TRF awarded its first grant in 1930 for $500 (about $7,000 in 2017 valuation). “Contrast that with some of our more recent figures. In the 2015–16 Rotary year alone, our Foundation awarded almost $100 million in global and district grants, $4 million for Rotary Peace Fellowships, and $114.7 million for polio eradication.”

PRIP and past TRF Trustee Chair Kalyan Banerjee.
PRIP and past TRF Trustee Chair Kalyan Banerjee.

While these were all very impressive numbers, the one number that won’t be ever known is “the number of people whose lives have been improved, transformed, or saved through the work of our Foundation,” he added.

Here are some numbers Banerjee listed:

  • 16 million people are walking today who would have been paralysed by polio without Rotary’s Global Polio Eradication Initiative.
  • 1.5 million — the number of lives saved by Vitamin A given with the polio vaccine.
  • 268 patients received life-changing surgeries during a recent global grant medical mission from India to Rwanda.
  • 423,795 people received free healthcare at Rotary Family Health Days in Ghana, India, Nigeria, South Africa and Uganda in 2016.
  • 41,850 scholars funded by TRF over the past century. The programme was started “because we believed that time spent studying and living in another country would expand a young person’s world view and imbue him/her with the Rotary ideals of service and tolerance.
  • 1,067 graduates of Rotary Peace Centers programmes are today working for peace throughout the world as diplomats, journalists, teachers and even police officers.

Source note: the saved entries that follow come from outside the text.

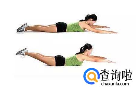 在床上做俯卧动作,将胸部及以上的地方完全探出床外(注意安全),然后挺起上半身(形式背飞),双手从中间往两边做类似蛙泳的划水动作。在提升胸部肌肉弹性的同时也能增强背部的肌肉韧性。
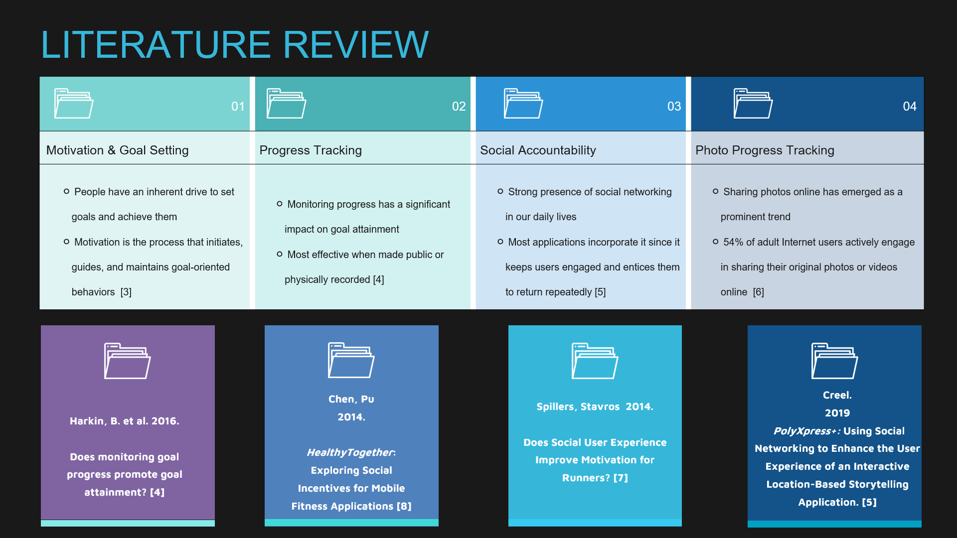 Literature review addresses research gaps on topics of interest to this study, focusing on research on motivation and effective goal setting, progress tracking, social aspect, and progress tracking with photographs. Although existing literature acknowledges the effectiveness of social features, there is a lack of direct research specifically investigating their impact on users' motivation and retention within progress tracking applications.
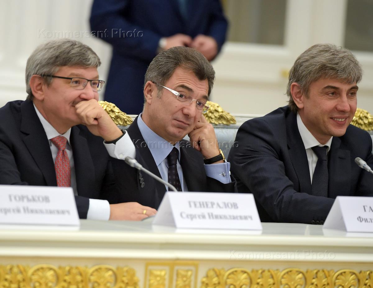 Встреча президента России Владимира Путина с представителями российских деловых кругов прошла в Кремле. Слева направо: глава группы "Промышленные инвесторы" Сергей Генералов, председатель совета директоров ЗАО "Евроцемент-групп" Филарет Гальчев и генеральный директор торговой сети супермаркетов "Магнит" Сергей Галицкий во время встречи.
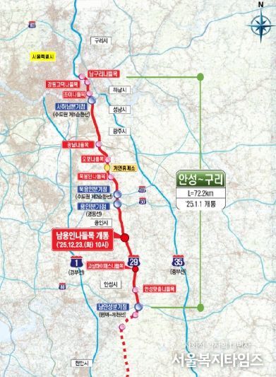 안성~용인~구리 구간(72.2㎞)은 1월 1일 개통됐다. 이 가운데 처인구 모현읍에서 원삼면까지 용인을 남북으로 관통하는 구간의 길이는 26㎞다. 포천~구리 구간(44.6㎞)은 지난 2017년 개통됐고, 안성~세종 구간(59.5㎞)은 2026년 말 개통 예정이다.
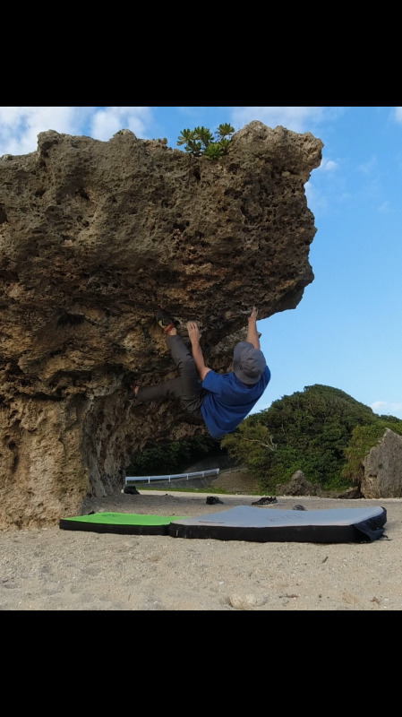 バイン岩の一番の張り出しをヒールフックを駆使して登る好課題。
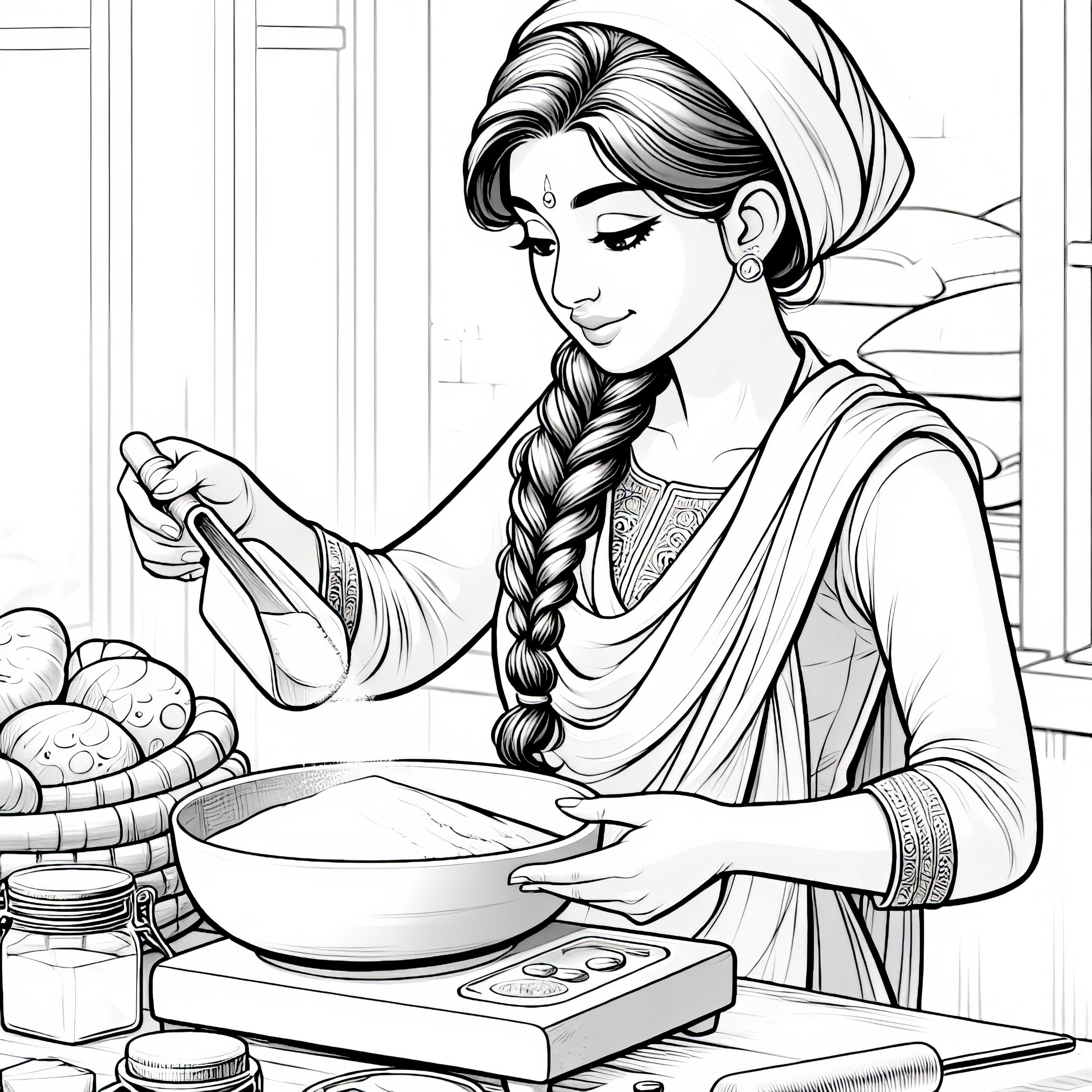 Bäckerin, die Kekse aussticht und verziert – Ausmalbild in hoher Qualität
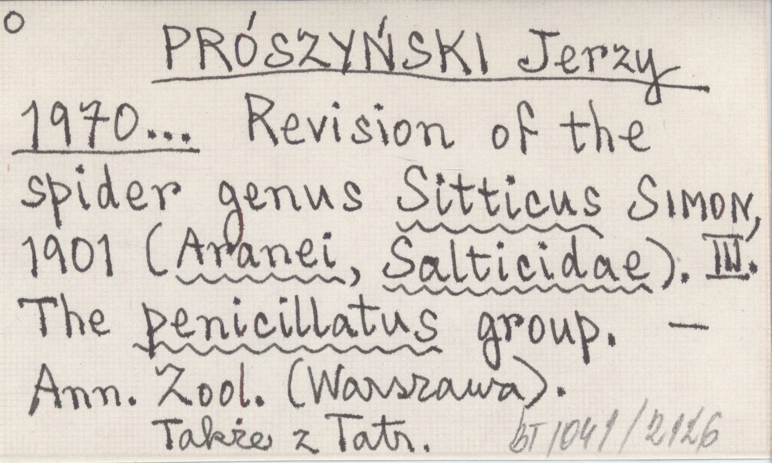 PRÓSZYŃSKI Jerzy 1970... Revision of the spider genus Sitticus SIMON, 1901 (Aranei, Salticidae). III. The penicillatus group.
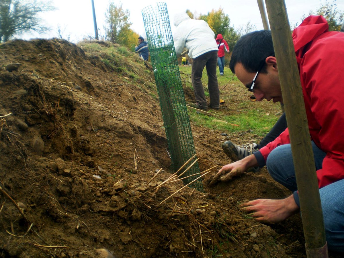 La plataforma Tierra de Campos Viva ha plantado este sábado varios ejemplares de fresnos, aligustres, saucos y boneteros cedidos por la Asociación para la Recuperación del Bosque Autóctono (ARBA) de Valladolid en la ribera del río Valderaduey a su paso por Santervás de Campos (Valladolid).
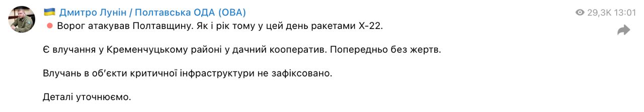 Голова Полтавської ОВА повідомив про приліт у дачний кооператив. Попередньо обійшлося без жертв. Попадань до об'єктів критичної інфраструктури не зафіксовано.

Banerjee laced his speech with anecdotes of peace scholars and ordinary persons helping Rotary carry out extraordinary projects. Such as Fatima Begum donating her lifetime savings — ₹85,000 — kept for Haj pilgrimage after her only granddaughter Munni was killed in the Kutch earthquake in 2001 and urging Rotarians to use the money towards the homes they were rebuilding in the devastated city of Bhuj.

Even though Arch Klumph had never told Rotarians how exactly to do good in the world, trusting Rotarians to figure this out themselves, one thing he was clear about was what TRF shouldn’t do. And “that is build monuments of brick and stone. Instead, he envisioned his creation as a living, breathing entity, one that would, in his words, ‘work upon immortal minds…engraving something that will brighten all eternity’.”

His words had inspired the early Rotarians to build TRF from the ground up: “not in brick and stone, but in lives, health and hope. And his legacy lives on today in every Rotarian who has ever carried out a grant project, hosted a scholar, immunised a child against polio, or made a contribution to our Foundation. And it lives on in the many millions who have benefitted both directly and indirectly from the good we have done.”